OBJECTIVES: Explore the performance patterns of invasive bedside procedures at an academic medical center, evaluate whether patient characteristics predict referral, and examine procedure outcomes.
METHODS: This was a prospective, observational, and retrospective chart review of adults admitted to a general medicine service who had a paracentesis, thoracentesis, or lumbar puncture between February 22, 2013 and February 21, 2014.

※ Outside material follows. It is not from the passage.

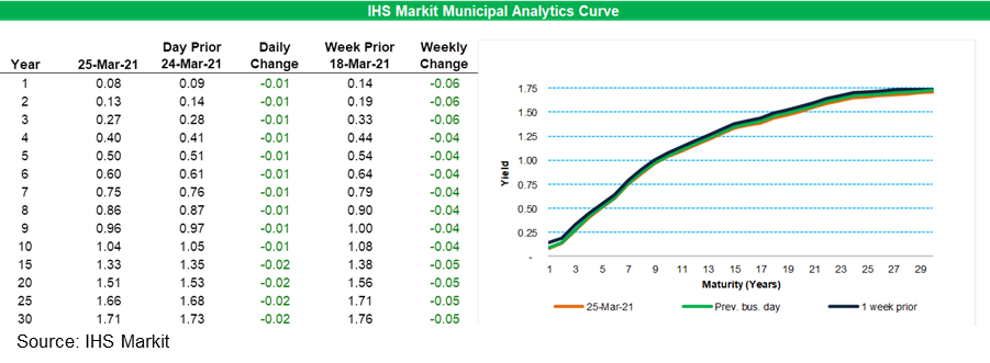 - IHS Markit's AAA Tax-Exempt Municipal Analytics Curve (MAC) yields improved by 1-2bps across the curve today, with maturities three-years and shorter 6bps better week-over-week.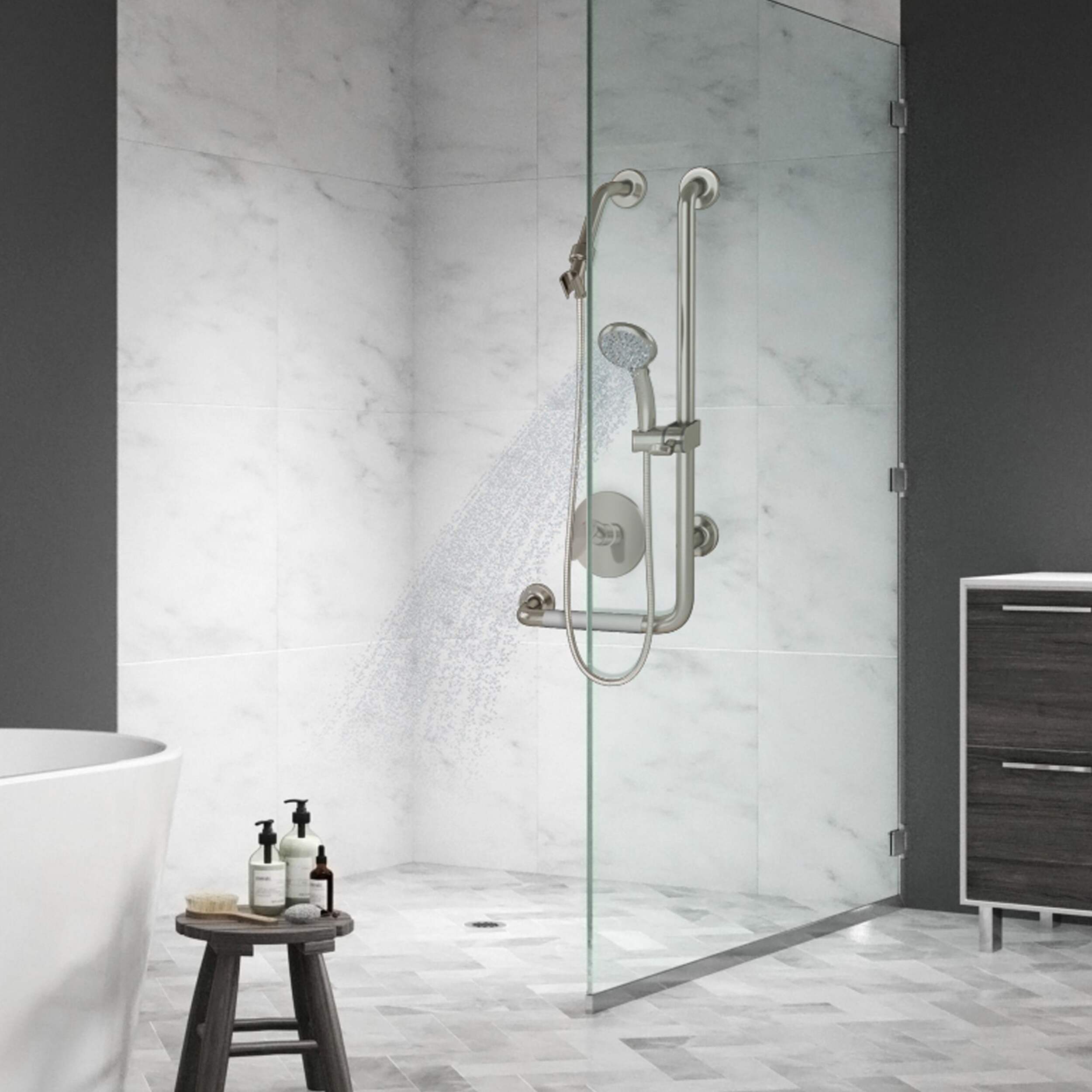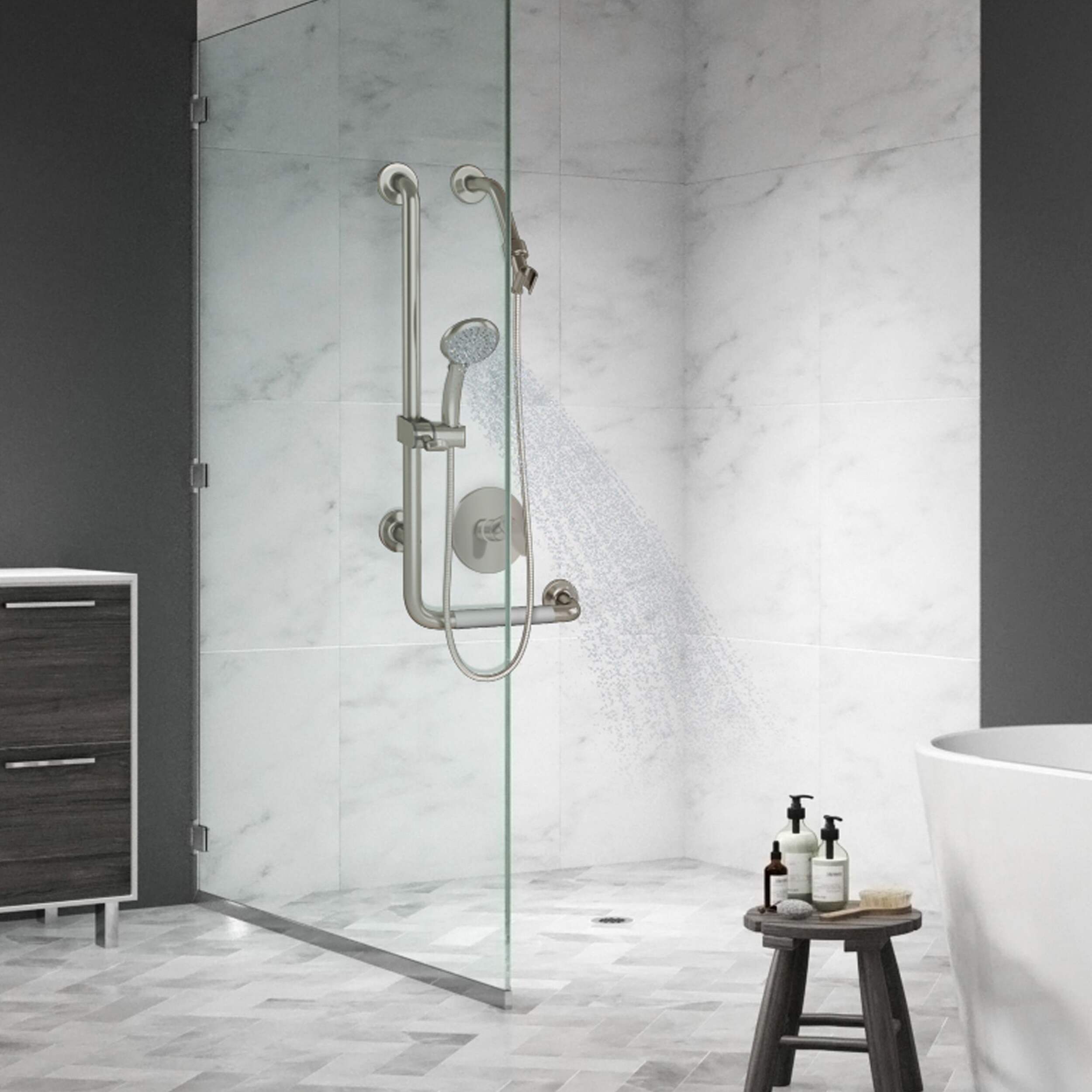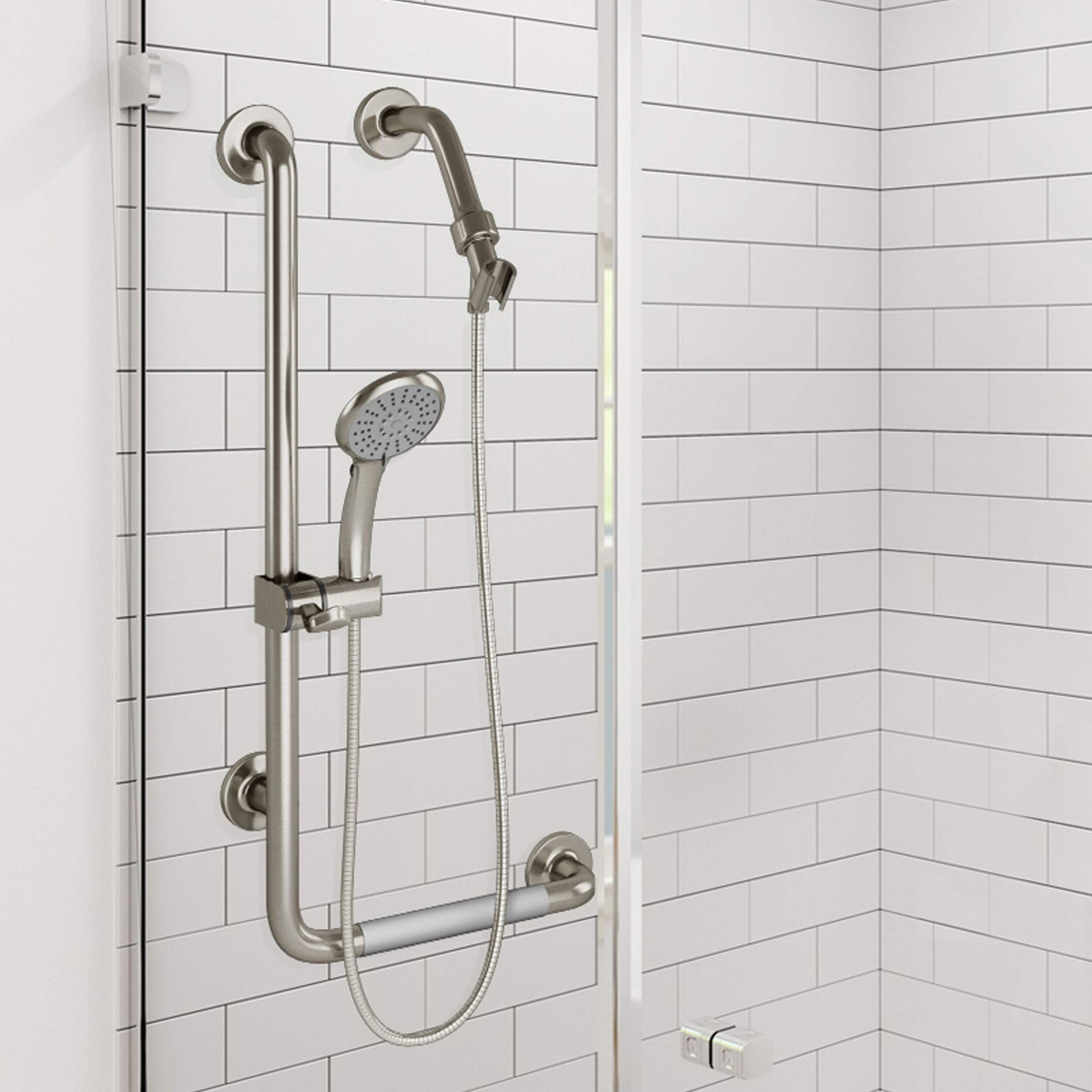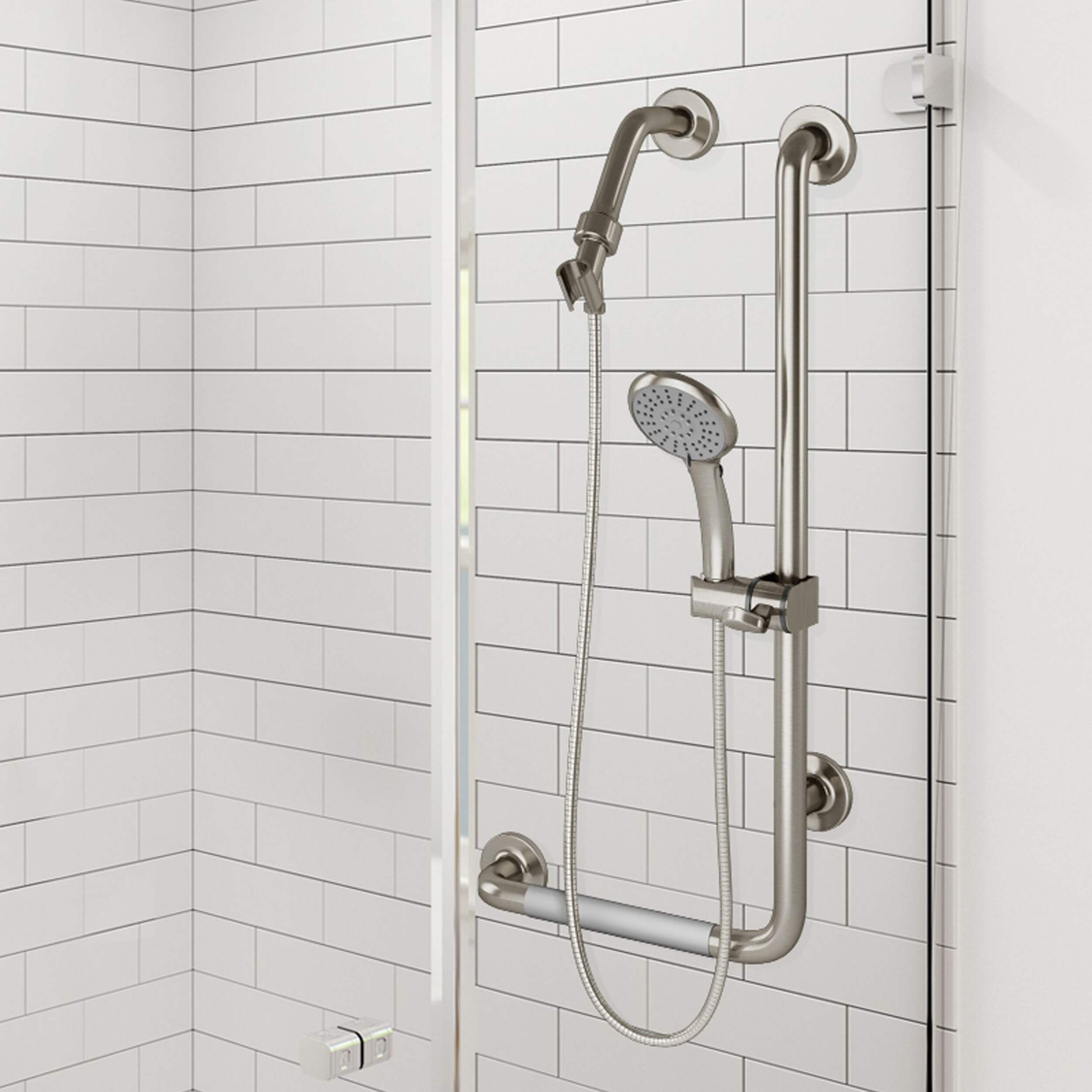 Experience the ultimate convenience with the PULSE ErgoSlide Bar with Hand Shower, designed for adjustable comfort and flexibility in your showering routine. Using its innovative ErgoGrip slider adjustment, you can easily customize the height to suit your needs. The set comes complete with mounting hardware for effortless installation. With dimensions of 32 × 15 × 4-in, this sleek, functional addition enhances your bathing experience while promoting accessibility and ease of use.

RESULTS: Of a total of 399 procedures, 335 (84%) were referred to a service other than the primary team for completion. Patient characteristics did not predict referral status. Complication rates were low overall and did not differ, either by referral status or location of procedure. Model-based results showed a 41% increase in the average length of time until procedure completion for those referred to the hospital procedure service or radiology (7.9 vs 5.8 hours; P < 0.05) or done in radiology instead of at the bedside (9.0 vs 5.8 hours; P < 0.001). The average procedure cost increased 38% ($1489.70 vs $1023.30; P < 0.001) for referred procedures and 56% ($1625.77 vs $1150.98; P < 0.001) for radiology-performed procedures.
CONCLUSIONS: Although referral often is the easier option, our study shows its shortcomings, specifically pertaining to cost and time until completion. Procedure performance remains an important skill for residents and hospitalists to learn and use as a part of patient care.